The US-based writer is a Ph.D. & works for The George Washington University. He hails from occupied Kashmir and regularly speaks against the gross human rights violations committed by the Indian security forces in this disputed Muslim-majority region.
Sexual assaults of women by the occupation forces during wartime or while crushing the freedom struggle has occurred throughout history. Use of rape as weapon of war was horrifically demonstrated during World War-II when both the allied and the axis forces terrorised civilian population by performing these gruesome acts. In the second-half of the 20th century, cases of rape were documented in more than 20 military conflicts. Due to the prevalence of rape in Balkan and Rwanda conflicts, the international community began to recognise rape as an important war strategy and efforts were made to prosecute such acts under the international law. The primary statute, Article 27 of the Geneva Convention (1949) relates to the protection of civilians during war and specifically included clauses “against any attack on their honor” in particular rape. In 1993, the UN commission on human rights declared systematic rape as a crime against humanity. The jurisdiction of international tribunals established to prosecute crimes in former Yugoslavia and Rwanda, including rape as a war crime. In a landmark case in 1998, the Rwandan tribunal ruled that rape and sexual assault constitute a genocide. In 2008, the government of Congo increased efforts to document rape crimes and these cases were documented in 2008 movie “Greatest Silence” by filmmaker Lisa Jackson.
Against this backdrop, it is fair to state that the conflict in Indian occupied Kashmir (IoK) has beleaguered the region since the independence of the sub-continent from the British Raj in 1947.
The one big difference between the occurrences in Indian-held Kashmir and other parts of the world like Balkans or Rwanda is that cataclysm of violence in that Muslim-majority region remain unnoticed, and treated by world community in an unobtrusive manner. Prior to the ongoing resistance movement, mass rapes were carried out by the Dogra troops as well as Hindu and Sikh mobs during 1947 Jammu massacres. Numerous scholars and human right organisations firmly propound that since the onset of the agitation for achieving freedom, the Indian occupation forces — comprising Indian Army, the CRP (Central Reserve Police) and the BSF (Border Security Force) have leveraged rape as a weapon for combating the peaceful resistance of the unarmed Kashmiris.

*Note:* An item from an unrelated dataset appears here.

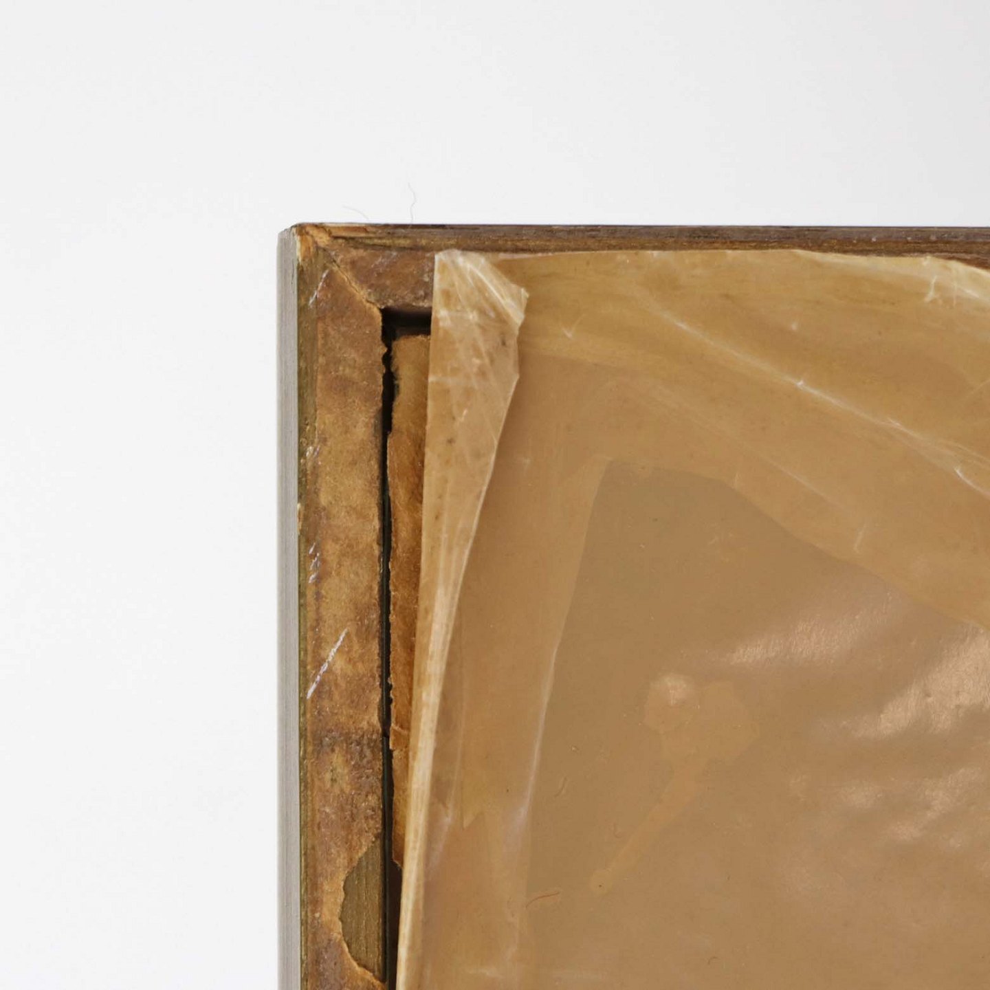 Fremstår med alderspræget papir samt brugsspor på rammen
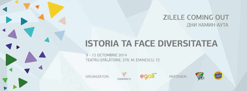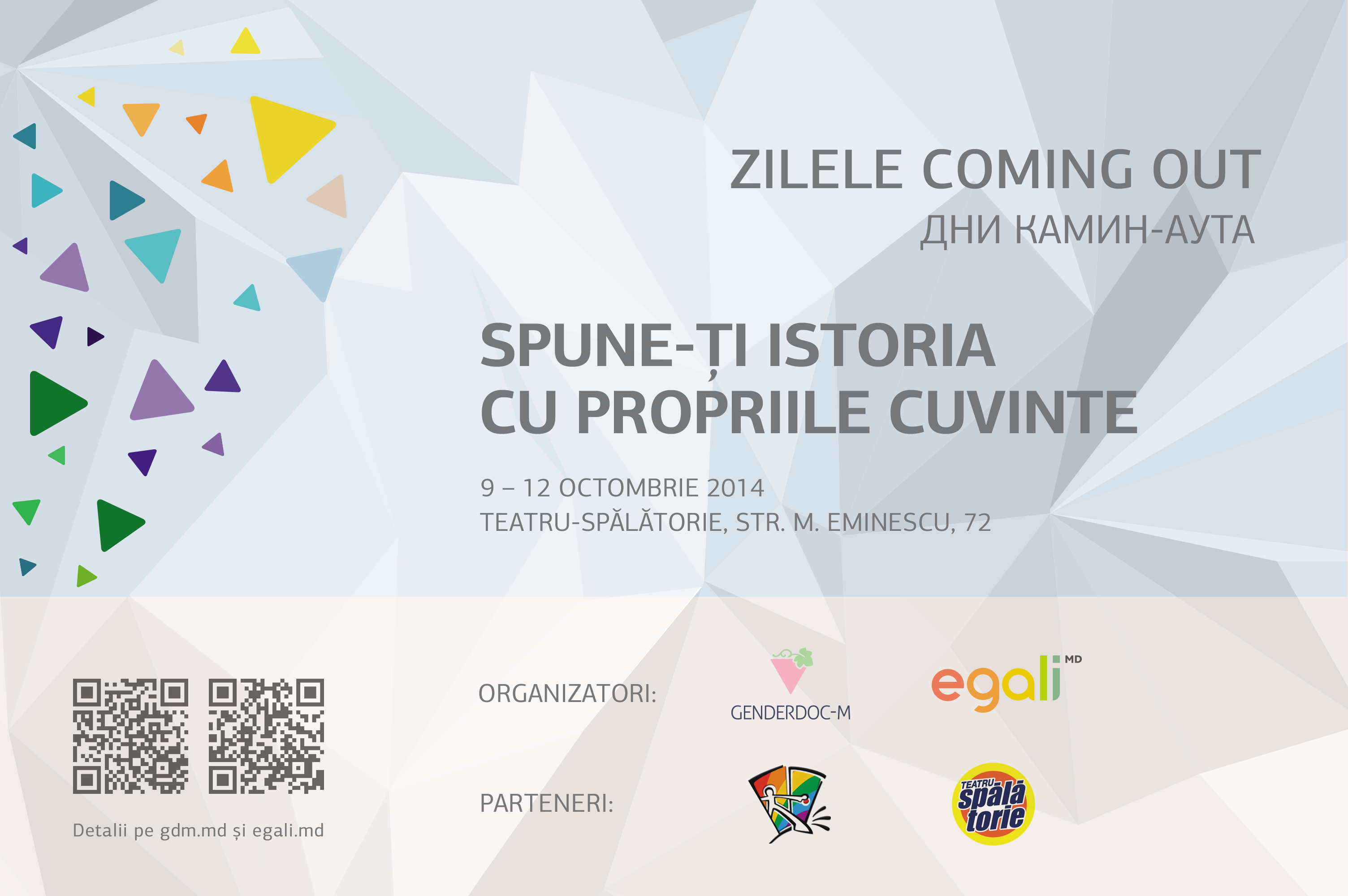 Центр информации «ГЕНДЕРДОК-М» приглашает вас 9 – 12 октября принять участие в мероприятиях, посвящённых Международному дню камин-аута*, который ежегодно отмечается 11 октября. Проходящие одновременно под двумя девизами «Расскажи свою историю собственными словами» и «Твоя история создаёт разнообразие» Дни камин-аута 2014 предлагают вам посетить несколько событий, целью которых является повышение видимости лесбиянок, геев, бисексуалов и тансгендеров в обществе, а также повышение его осведомлённости о жизни ЛГБТ в Молдове, их переживаниях и личном опыте.

Most frequent strategy implemented by occupation forces since early 1990 is incessant crackdowns in which men are forced to leave the dwellings and searches are performed. In this scenario, properties are destroyed, valuables are confiscated and women are molested. While in this limited space it is not possible to mention every such incident, but they are well-documented in a 900-page report authored by highly reputed and internationally recognised human right activist, Khurram Parvez, who is currently languishing in a notorious prison of Delhi under frivolous charges. It is believed that since the initiation of the freedom movement in occupied Kashmir in 1990, at least 11,300 Kashmiri women have been gang-raped. However, it is reckoned that due to the fear of social ostracisation, a large number of such cases go unreported, and the actual figures are much higher. The first reported rape case in IoK was that of a 26 -year-old woman from Jamir Qadeem in Sopore district in 1990. She was raped during a search operation. Since then, these actions continue and to-date women in IoK continue to be tormented by the Indian occupation army. In this space I will mention two major incidents where occupation forces indulged in mass rape of Kashmiri women and the perpetrators of these heinous crimes were allowed to escape scot free.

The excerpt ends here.